<<<<

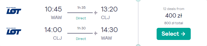 W podróż do Kluż Napoki wyruszycie w terminie 8 – 15 listopada. Czeka was bezpośredni lot z Warszawy, a bilety w okazyjnych cenach kupicie w ramach trwającej aktualnie w PLL LOT promocji.
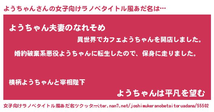 | 男性向けラノベタイトル風あだ名 | 『ヨウチャンスレイヤー』 |
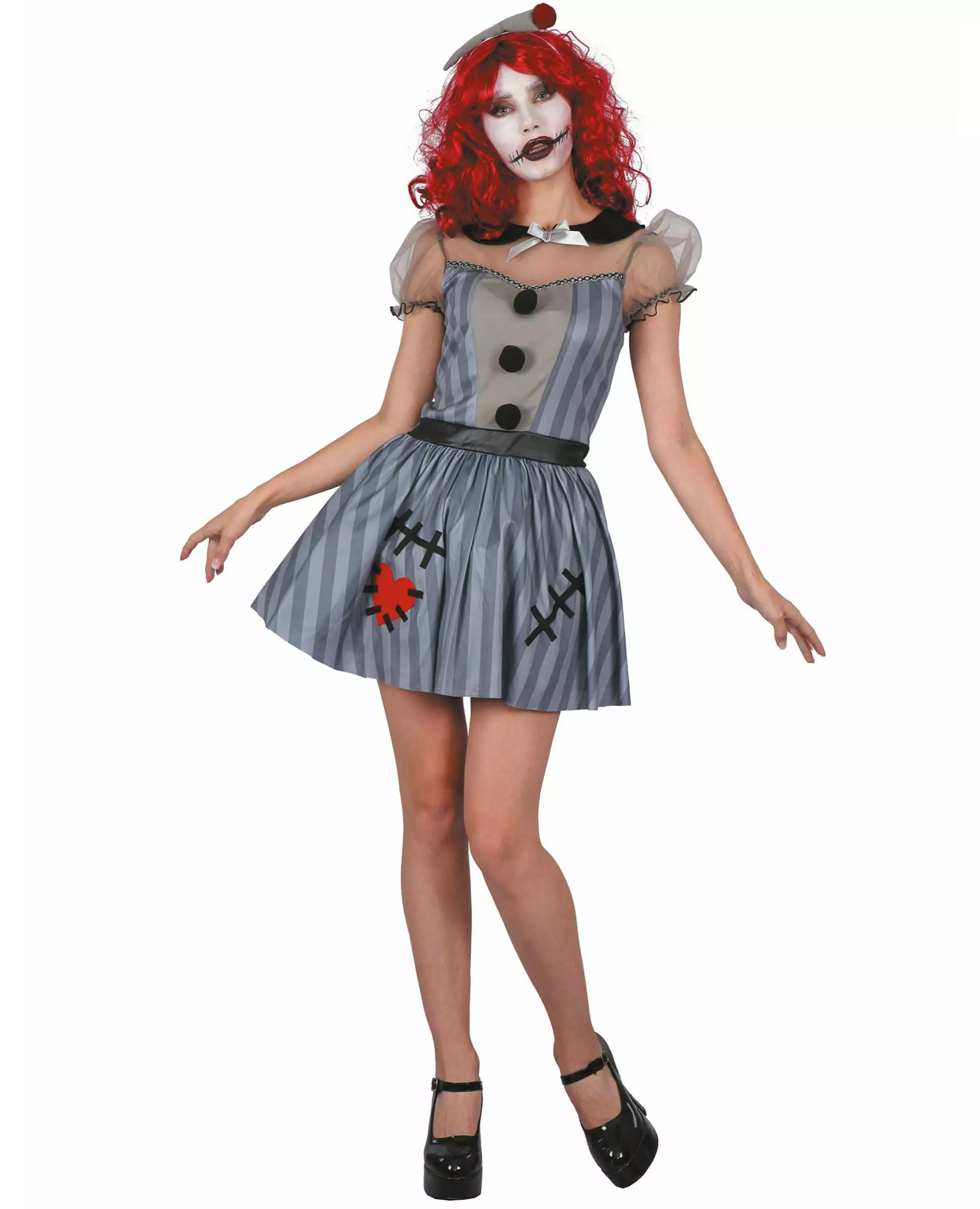 Forvandle deg til en gotisk dukke til Halloween! Dette påsydde dukkekostymet for kvinner består av en kjole og et pannebånd (sko ikke inkludert). Den korte kjolen har korte puffermer i grå voile. Peter Pan-kragen er svart med en grå sløyfe i midten. Kjolen er laget av grått stripete stoff. Imiterte stoffarr er sydd på undersiden av kjolen. Et pannebånd fullfører dette kostymet. Dette dukkekostymet vil være perfekt til Halloween-festen din. Inkludert tilbehør: Kjolepannebånd Materiale: 100 % polyester Pleie: Håndvask

>>>>

#### Your instructions:
Write out, word for word, the line containing "男性向けラノベタイトル風あだ名 | 『ヨウチャンスレイヤー』 |" and each line after it to the end of the data, and nothing more. Drop the pictures.

#### Exercise answer:
 | 男性向けラノベタイトル風あだ名 | 『ヨウチャンスレイヤー』 |
 Forvandle deg til en gotisk dukke til Halloween! Dette påsydde dukkekostymet for kvinner består av en kjole og et pannebånd (sko ikke inkludert). Den korte kjolen har korte puffermer i grå voile. Peter Pan-kragen er svart med en grå sløyfe i midten. Kjolen er laget av grått stripete stoff. Imiterte stoffarr er sydd på undersiden av kjolen. Et pannebånd fullfører dette kostymet. Dette dukkekostymet vil være perfekt til Halloween-festen din. Inkludert tilbehør: Kjolepannebånd Materiale: 100 % polyester Pleie: Håndvask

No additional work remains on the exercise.